__WHAT TO WORK ON__. Find the line containing "Mara wood base, Powder" in the listing below; reproduce it and every line after, exactly. Skip pictures.

__DATA SECTION__.

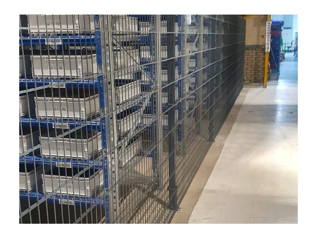 V Příbrami jsme montovali plot z 2D plotových panelů ukotvených na patkách. Oplocení bylo namontováno uvnitř haly.
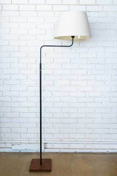 Mara wood base, Powder coated steel stand, fabric shade
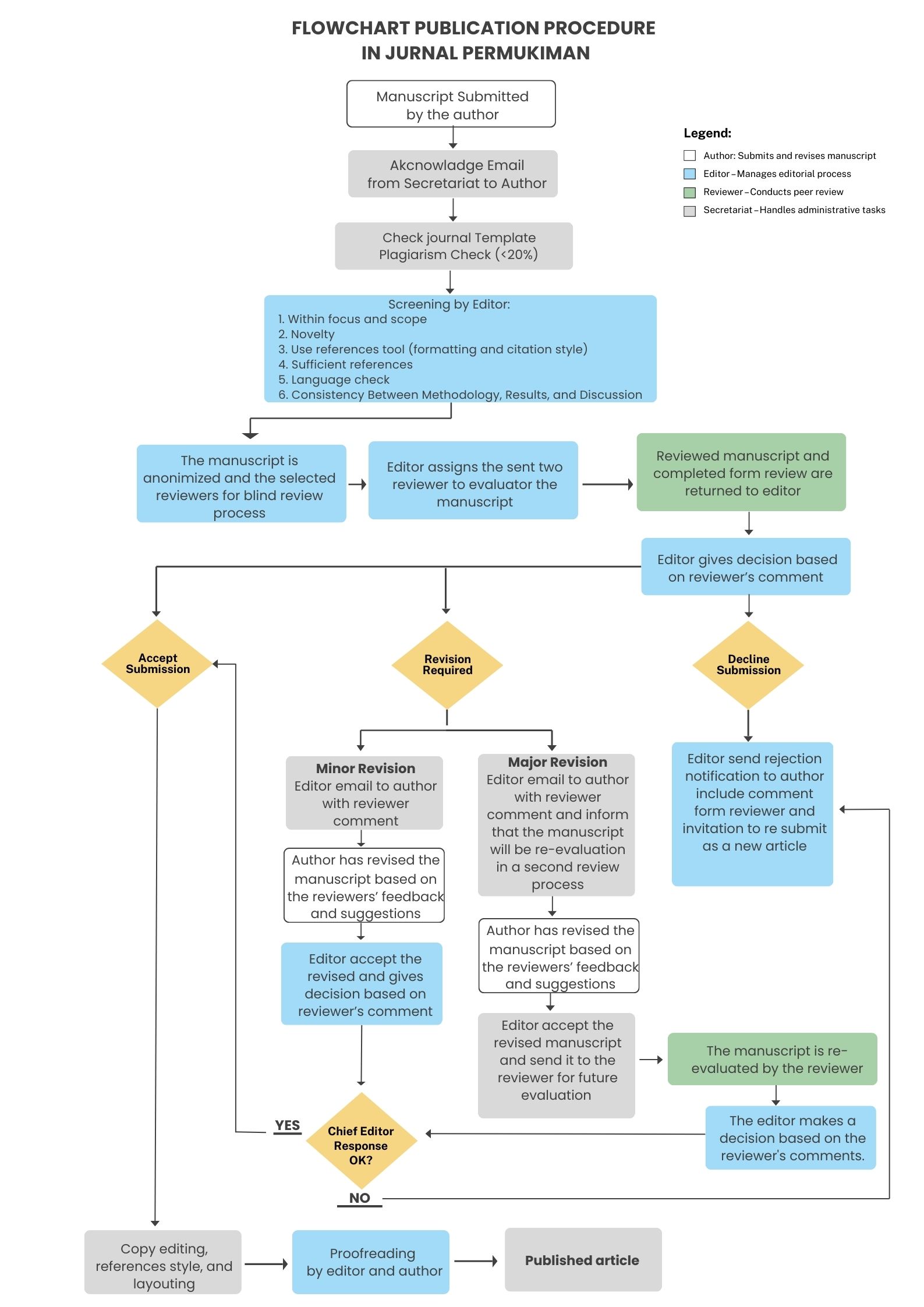 All manuscripts submitted to Jurnal Permukiman must comply with the journal's author guidelines. Upon submission, authors will receive an acknowledgment email from the editorial team. Each manuscript then undergoes an Initial Screening conducted by the editor to ensure: (1) relevance to the journal’s focus and scope; (2) novelty of the research; (3) proper use of citation tools and adherence to the required formatting style; (4) adequacy and relevance of references; and (5) clarity and quality of language.

__EXPECTED ANSWER__.
 Mara wood base, Powder coated steel stand, fabric shade
 All manuscripts submitted to Jurnal Permukiman must comply with the journal's author guidelines. Upon submission, authors will receive an acknowledgment email from the editorial team. Each manuscript then undergoes an Initial Screening conducted by the editor to ensure: (1) relevance to the journal’s focus and scope; (2) novelty of the research; (3) proper use of citation tools and adherence to the required formatting style; (4) adequacy and relevance of references; and (5) clarity and quality of language.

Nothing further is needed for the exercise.